SUARA TRENGGALEK – Target Pendapatan Asli Daerah (PAD) dari sektor pariwisata Kabupaten Trenggalek pada tahun 2025 tidak tercapai.
Dinas Pariwisata dan Kebudayaan (Disparbud) Trenggalek mencatat realisasi PAD dari destinasi wisata yang dikelola pemerintah daerah masih berada di bawah target yang telah ditetapkan.
Pelaksana Tugas (Plt) Kepala Disparbud Trenggalek, Edi Santoso, menyebut dari target PAD sektor pariwisata sebesar Rp9,32 miliar pada 2025, realisasi yang tercapai hanya Rp6,55 miliar atau sekitar 70,3 persen.
“PAD dari sektor pariwisata di Kabupaten Trenggalek khususnya di destinasi yang dikelola oleh Dinas Pariwisata memang tidak mencapai target, dari target 9,32 miliar ini tercapai 6,55 miliar, atau 70,3 persen,” ujar Edi.
Ia mengakui capaian tersebut juga mengalami sedikit penurunan jika dibandingkan dengan tahun sebelumnya. Meski demikian, Pemerintah Kabupaten Trenggalek tetap memasang target PAD pariwisata yang lebih tinggi pada tahun 2026.
“Kemudian kalau dibandingkan dengan tahun sebelumnya sedikit menurun. Namun demikian di tahun 2026 target untuk PAD masih tetap ditingkatkan dengan harapan ada perubahan iklim pariwisata yang itu nanti bisa mendorong PAD bisa meningkat,” jelasnya.
Penurunan PAD pariwisata tersebut sejalan dengan turunnya jumlah kunjungan wisatawan sepanjang tahun 2025. Disparbud Trenggalek mencatat total pergerakan wisatawan pada 2025 mencapai 955.729 orang.

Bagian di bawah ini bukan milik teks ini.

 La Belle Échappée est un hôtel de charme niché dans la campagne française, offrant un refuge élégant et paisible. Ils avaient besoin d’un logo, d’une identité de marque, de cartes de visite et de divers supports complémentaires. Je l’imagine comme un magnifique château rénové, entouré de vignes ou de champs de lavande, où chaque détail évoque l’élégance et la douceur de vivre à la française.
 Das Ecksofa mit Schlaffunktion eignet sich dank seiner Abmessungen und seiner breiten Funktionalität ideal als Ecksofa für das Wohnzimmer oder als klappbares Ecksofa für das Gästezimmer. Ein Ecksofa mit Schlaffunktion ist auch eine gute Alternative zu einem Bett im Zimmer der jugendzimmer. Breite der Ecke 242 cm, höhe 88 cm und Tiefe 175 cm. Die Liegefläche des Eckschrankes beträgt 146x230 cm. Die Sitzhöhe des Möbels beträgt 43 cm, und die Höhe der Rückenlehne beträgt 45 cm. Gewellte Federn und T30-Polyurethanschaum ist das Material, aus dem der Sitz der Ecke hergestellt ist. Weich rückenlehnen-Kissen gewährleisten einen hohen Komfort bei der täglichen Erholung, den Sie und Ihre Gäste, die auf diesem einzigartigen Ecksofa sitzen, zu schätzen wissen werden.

Jumlah tersebut terdiri atas 900.437 kunjungan ke destinasi wisata dan 55.292 tamu hotel. Angka ini menurun signifikan dibandingkan tahun 2024, di mana total pergerakan wisatawan ke Trenggalek tercatat lebih dari 1,54 juta orang.
Menurut Edi, salah satu faktor utama yang memengaruhi penurunan kunjungan wisatawan sekaligus PAD pariwisata adalah kondisi cuaca yang tidak menentu sepanjang 2025.

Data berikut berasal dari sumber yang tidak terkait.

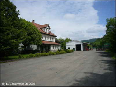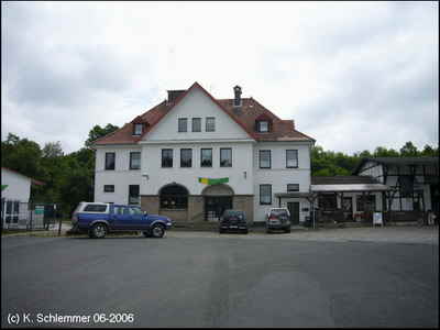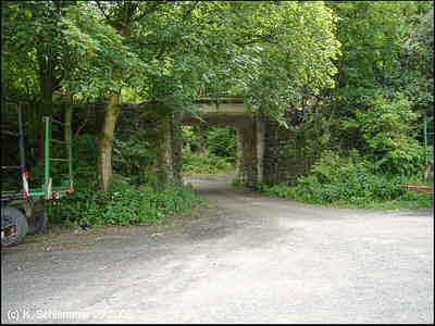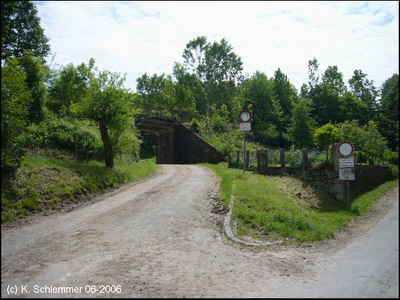 An diesem Straßendurchlass kann man rechts abbiegen Richtung Großalmerode. Der ehemalige Ostbahnhof, der keine Bahnverbindung zum Westbahnhof hatte (zu steil für die Bahn), ist heute ein stattliches Wohnhaus.
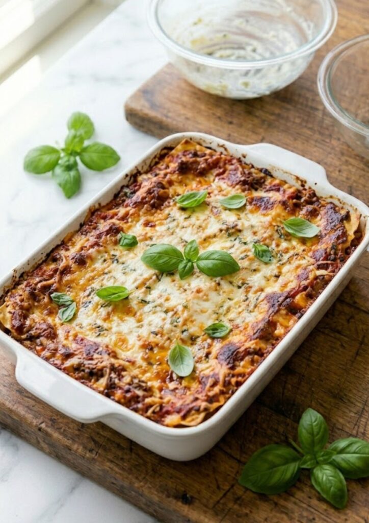 Bobby Flay Lasagna is a massive American-Italian project meal. This multilayered feast features a slow-braised Bolognese made with beef and pork shanks, a creamy Fontina béchamel, and a bright homemade marinara sauce tucked between tender pasta sheets.
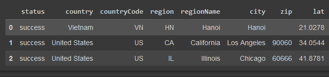 df = [df] response = requests.post("ip-api.com/batch", json=df ).json() response response = pd.DataFrame(response)
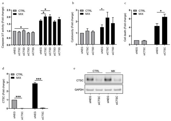 Knockdown of CTSC increases caspase-3/7 activity, cytotoxicity and cell death in 1.1B4 cells. (a) Caspase-3/7 activity in 1.1B4 cells transfected with siRNAs against CTSC (siCTSC), CTSD (siCTSD), CTSO (siCTSO), CTSS (siCTSS) or a non-targeting negative control siRNA (siNEG) and left untreated (CTRL) or exposed to IL-1β, IFN-γ and TNF-α for 24 h (MIX). Caspase-3/7 activities were normalized to total cell content. The data are presented as fold changes with means ± SEM (n = 6). (b) Cytotoxicity in 1.1B4 cells transfected with siCTSC, siCTSD or siNEG and left untreated (CTRL) or exposed to IL-1β, IFN-γ and TNF-α for 24 h (MIX). Cytotoxicity measurements were normalized to total cell content. The data are presented as fold changes with means ± SEM (n = 4). (c) Cell death in 1.1B4 cells transfected with siCTSC or siNEG and left untreated (CTRL) or exposed to IL-1β, IFN-γ and TNF-α for 24 h (MIX) as measured by the Cell Death Detection ELISA. Data were normalized to DNA content (d) mRNA expression of CTSC in 1.1B4 cells treated as in (c), analyzed by real-time qPCR and normalized to GAPDH. Data are presented as fold changes with means ± SEM (n = 4). (e) Protein level of CTSC in 1.1B4 cells treated as in (c), analyzed by immunoblotting with GAPDH as loading control. *: p < 0.05; **: p < 0.01; ***: p < 0.001.

“Penyebab tidak tercapai ada beberapa hal, 2025 ini kami amati bersama ada iklim cuaca serba tidak menentu, berapa kali kami dapat himbauan informasi dari BMKG tentang cuaca ekstrem yang itu diketahui oleh masyarakat,” jelasnya.
Edi menambahkan dari informasi kondisi iklim tersebut sehingga masyarakat yang punya jadwal untuk berangkat berwisata ke Trenggalek tertunda dan tidak jadi berangkat.
Ia menambahkan, dampak cuaca ekstrem tidak hanya dirasakan Trenggalek, tetapi juga terjadi di sejumlah daerah lain, khususnya destinasi wisata di kawasan selatan.
“Dan ini juga dirasakan sama oleh ke luar daerah, baik tetangga destinasi di wilayah selatan Trenggalek, sama tren ada menurun. Jadi andalan di Trenggalek Pantai Pasir Putih dan Simbaronce,” kata Edi.